‘Navigating Pakistani Feminism: Fight by Fight’ launched

‘Navigating Pakistani Feminism: Fight by Fight’ launched

Published by the News on Sunday here

With the premise that resolving the big questions on women’s rights, the Pakistani society will be on a progressive trajectory, leading women feminists gathered here at a book launch on Saturday.

Aisha Sarwari’s book, ‘Navigating Pakistani Feminism: Fight by Fight’, was the centre of discussion among veteran feminist Moneeza Hashmi, lawyer and women’s activist from KP/FATA, Rakhshanda Naz and Pakistani politician, Marvi Memon. While presenting their point of view, they laid down the need of a turn-around in the way women are treated in the country especially among those that are part of the informal sector.
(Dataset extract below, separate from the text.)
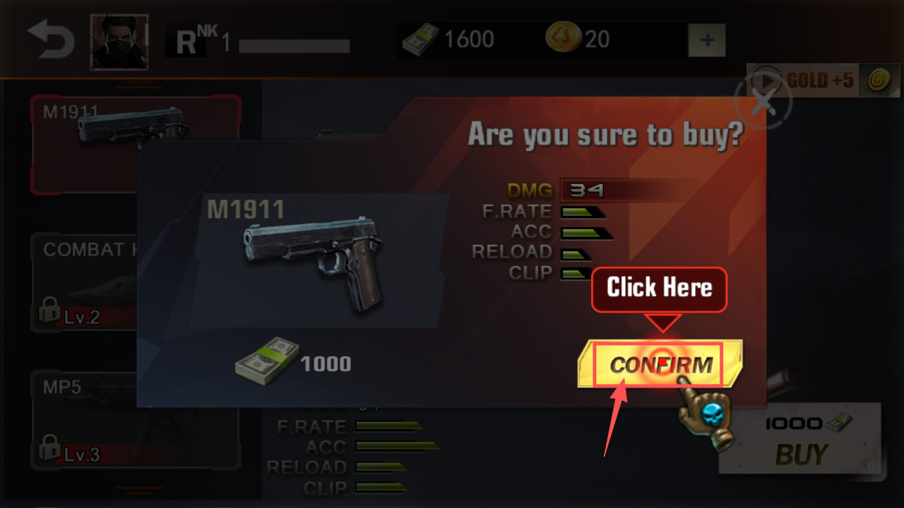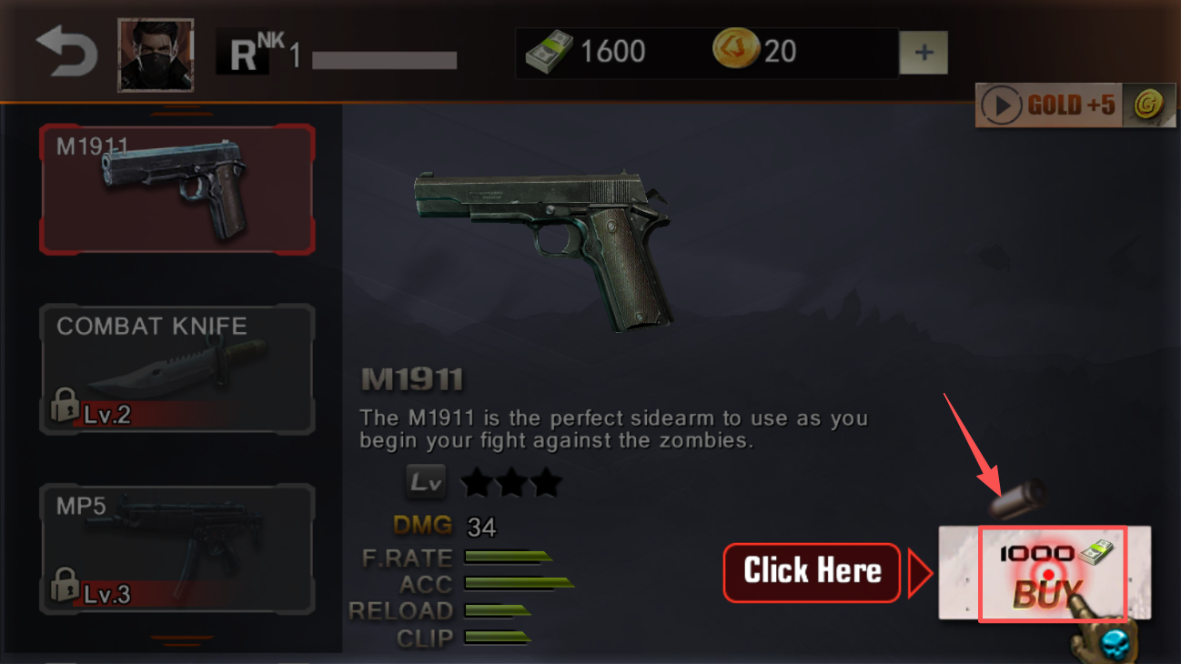 3、选择M1911手枪,点击“Click Here”进行购买。

The panellists agreed that without Pakistan providing legal and cultural protections for women, they will continue to face astounding levels of violence and harassment both in the domestic and professional spheres. Pakistan has among the worst maternal mortality rates, violence against women rates and ranks second last on the gender equity scale globally.

Moneeza Hashmi talked about the need to recognise that there needs to be a unified voice against the subversive forces against women. “We are not here to only answer the conceptual questions about why feminism is important in this country, we are also here to say that women need to speak the same language and make the same noises because they are disadvantaged in the same broad way by those who feel we belong in the shadows,” she said.
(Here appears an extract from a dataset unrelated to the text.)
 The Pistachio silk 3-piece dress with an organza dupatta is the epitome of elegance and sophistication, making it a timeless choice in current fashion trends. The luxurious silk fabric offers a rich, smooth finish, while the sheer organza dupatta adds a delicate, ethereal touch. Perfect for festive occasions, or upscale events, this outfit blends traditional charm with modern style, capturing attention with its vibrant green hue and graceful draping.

Building on the idea that Pakistan was envisaged as an inclusive and modern state by Mohammad Ali Jinnah, Yasser Latif Hamdani in his book “Between Worlds; A Pakistani’s quest to forge meaning” that was launched simultaneously,  argues that a Pakistan that does not safeguard its minorities and gives them equal rights as citizens is not a Pakistan worth having. The author is a columnist in the national press and lawyer by profession.

Expressing his optimism for the future, Hamdani said that with enough cycles of democracy, there is hope that Pakistan might fix some of its structural problems and become a modern and progressive state that it was envisaged to be.